Although a lot has been published recently on the theory and practice of digital scholarly editing, the volume makes a significant contribution to this discussion. The chapters date back to presentations given five years ago, but their arguments and the problems they address are still up-to-date. And furthermore, they have already had a proven impact on recent research, as can be seen in the development of a new model for genetic encoding within the framework of the Text Encoding Initiative (TEI) for which Elena Pierazzo's chapter has provided the theoretical foundation.

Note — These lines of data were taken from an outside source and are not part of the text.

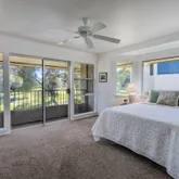 Paniolo Greens G201 in Waikoloa Village is an end unit with windows on 3 sides, ocean view with sunsets on one side and a beautiful view of #4 tee box and fairway on another.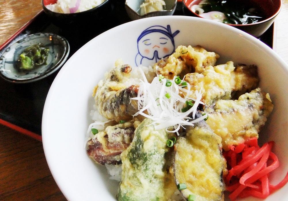 「天草ありあけタコ街道」に来たなら、やっぱりタコを食べるべし。駅レストランのロングセラーメニューにして数量限定でもあるのがこの「タコ天丼」だ。駅の土産品でもある「タコすてーき」を天ぷらにし、野菜天ぷらと共にご飯にトッピング。身が締まった有明のタコのぷりっとした歯応えが味わえる。ミニうどん、ミニサラダ、小鉢、漬物がセットになって税込み1,000円というのもコスパが良い。1日10食など数量に限りがあるので、オーダー時に確認を。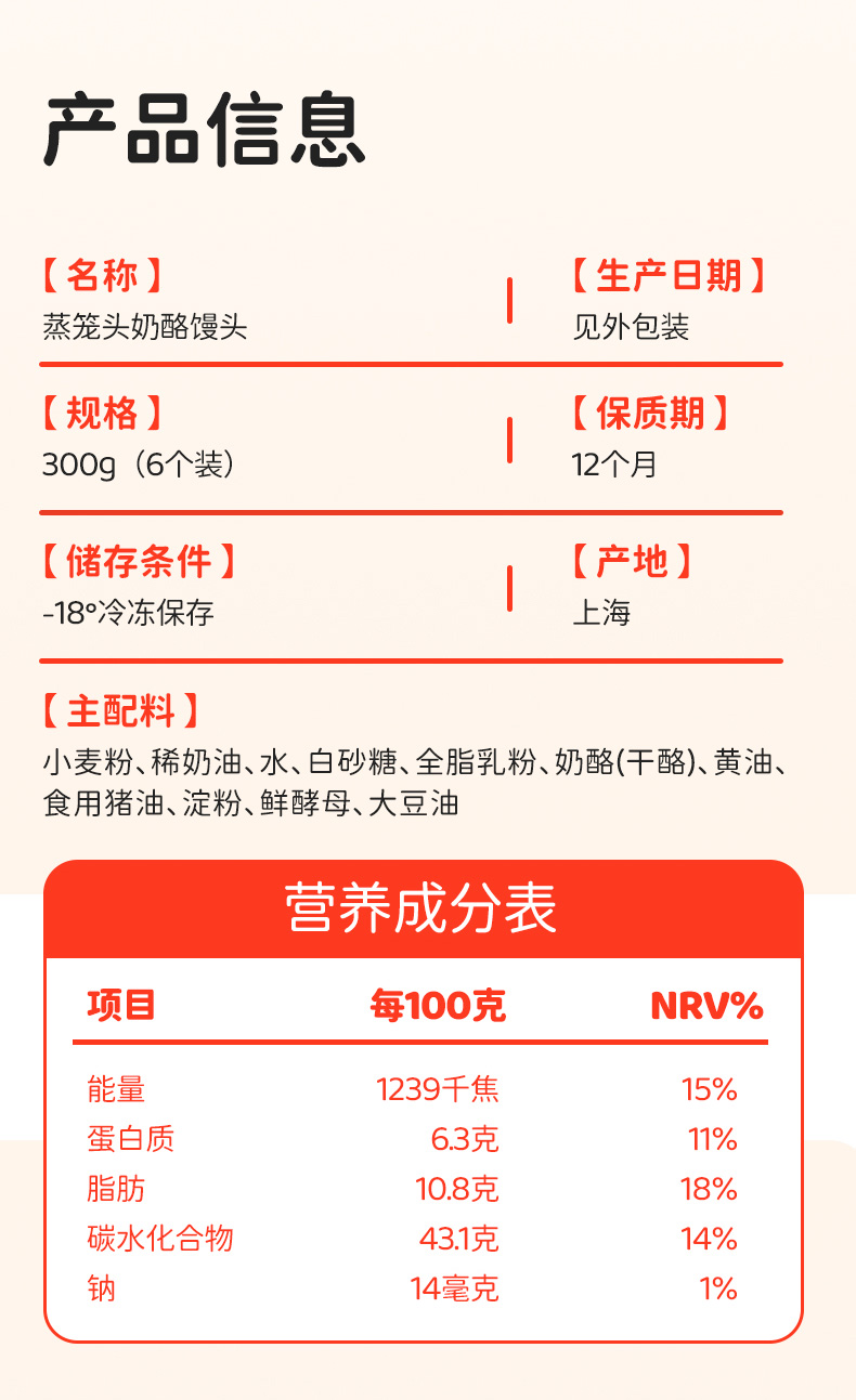 蒸笼头原制奶酪馒头活动组合装(50g*6只/袋)

With Text Editing, Print and the Digital World, Sutherland and Deegan have presented a very well edited volume. Overall, it gives an intriguing insight into the workshop of digital scholarly editing and provides the reader with a sound overview of its ongoing discussions. The volume is, however, published not digitally but as a printed book. Although making the case for digital scholarship, it is aware of the reality of the acceptance of digital publications. Roueché points out that there was ‘a widespread sense among our peers that [electronic publications] are not ‘real’ publications’: only a book is that’ (164) — a dilemma which cannot be solved by this volume alone.